Today is International Children's Book Day in honour of Hans Christian Andersen's birthday and as usual IBBY has produced a poster. This year's theme is The Book Remembers and it is by Estonian illustrator Juri Mildeberg.
It is also Amy Schwartz's birthday. She is an American author illustrator whose work I know very little about as
I have only seen a couple of her books. The library has What James Likes Best, which won the 2004 Charlotte Zolotow Award. This is a great honour, given that it is awarded to the author of the best picture book text published in the USA in the
preceding year. It seems as if we should have more of her books!

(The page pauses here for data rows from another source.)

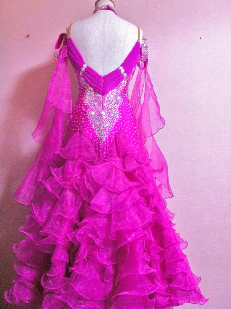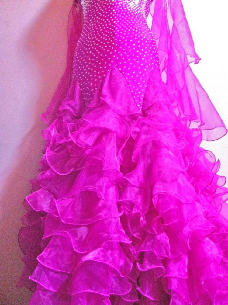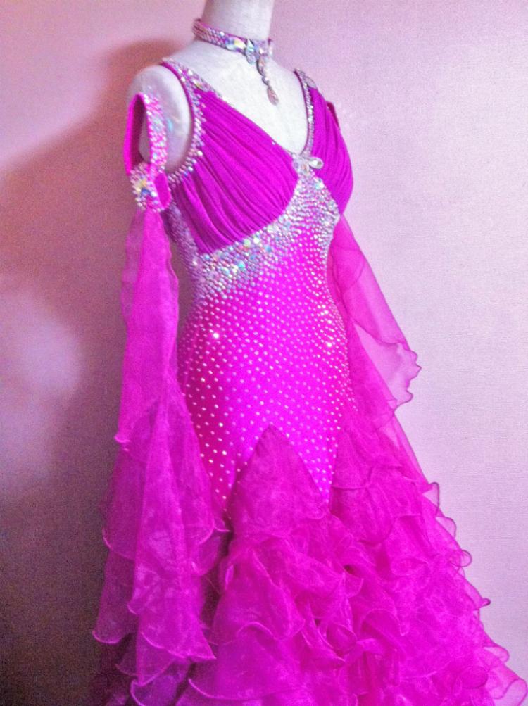 発色がとても素晴らしく鮮やかなドレスです。ボディにはびっしりとスワロフスキーラインストーンが敷き詰められ、スカートには全体的10段あり、ボリュームがたっぷりでとても足が長く見えます。
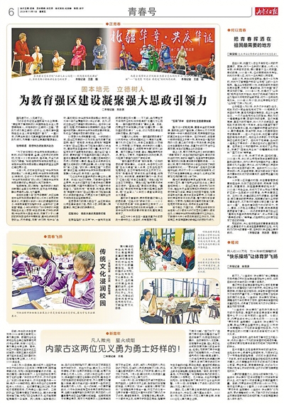 坚定理想信念是青年成长成才的力量之源。这一年,内蒙古以铸牢中华民族共同体意识为工作主线,聚焦青少年思想引领,着力构建铸牢中华民族共同体意识协同育人工作格局,不断完善教学体系,持续拓宽实践教育形式,铸牢中华民族共同体意识教育取得显著成效。我们重磅推出《固本培元立德树人——为教育强区建设凝聚强大思政引领力》《上一堂生动的思政实践课让青春奋斗与时代同频》《在行走中上好“大思政课”》《解锁思政名师工作室的“育人密码”》等深度报道,充分关注学校这个铸牢中华民族共同体意识教育的主阵地,为青年成长成才充分赋能,为典型经验提供交流借鉴平台,为全方位建设“模范自治区”贡献力量。
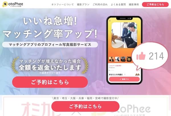 マッチングアプリをしっかり利用、アプリでいいねがもらいやすい写真を理解したカメラマンが撮影するからいいねがもらえる写真を撮ってもらえる
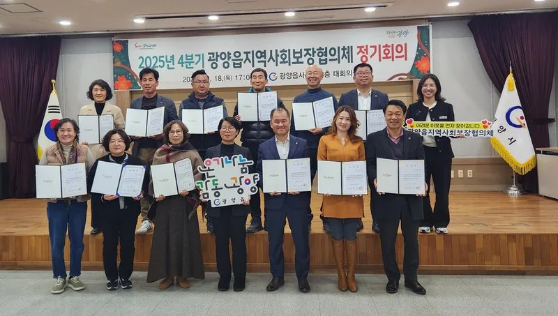 광양시 광양읍지역사회보장협의체(공공위원장 김미란, 민간위원장 송근배)는 지난 18일 광양읍사무소 대회의실에서 위원 21명이 참석한 가운데 2025년 4분기 정기회의를 개최했다.
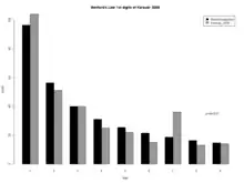 Columbia University Ph.D. candidates Bernd Beber and Alexandra Scacco have released an analysis concluding that the patterns of the last two digits of the election results contain characteristics of human manipulation. The province vote totals possess oddities, including too many sevens in the last digits and too few fives, as well as too few non-adjacent ending digits. The authors of the report concluded that the probability of such oddities occurring naturally is only one chance in 200.[39] After their publication, a mathematician noted that the authors had made a computational error, and that the correct probability is lower, 0.13%; this correction was confirmed by Beber and Scacco.[40] However, Zach at AlchemyToday pointed out that the tests suffer from issues of post-hoc test selection and concluded that by Pearson's chi-square test the results did not meet confidence intervals for being non-random.[41]

Thirdly, it is World Autism Day, also known as World Autism Awareness Day. The aim of this day is to increase people's awareness about people, especially children with autism. This is becoming easier to do using children's books because of titles such as Mark Haddon's The Curious Incident of the Dog in the Night Time and Cynthia Lord's Rules. Although many of the books for younger children are still overly didactic anything by Kathy Hoopman who writes about Asperger's Syndrome is worth exploring and the picture book Looking After Louis by Lesley Ely and Polly Dunbar is especially good for looking at the consequences of mainstreaming children with autism and thus increasing tolerance of difference. This story is told from the point of view of a girl who sits next to Louis, an autistic boy who is a loner, repeats things he hears, mimicks adults and gets away with behaviour that wouldn't be tolerated from the other children. This book should help initiate good discussion. Another picture book worth searching out is My Brother Sammy by Becky Edwards and David Armitage. In this story Sammy does not go to a mainstream class and he is constantly ruining his brother's things. His brother just wants Sammy to be a 'normal' brother.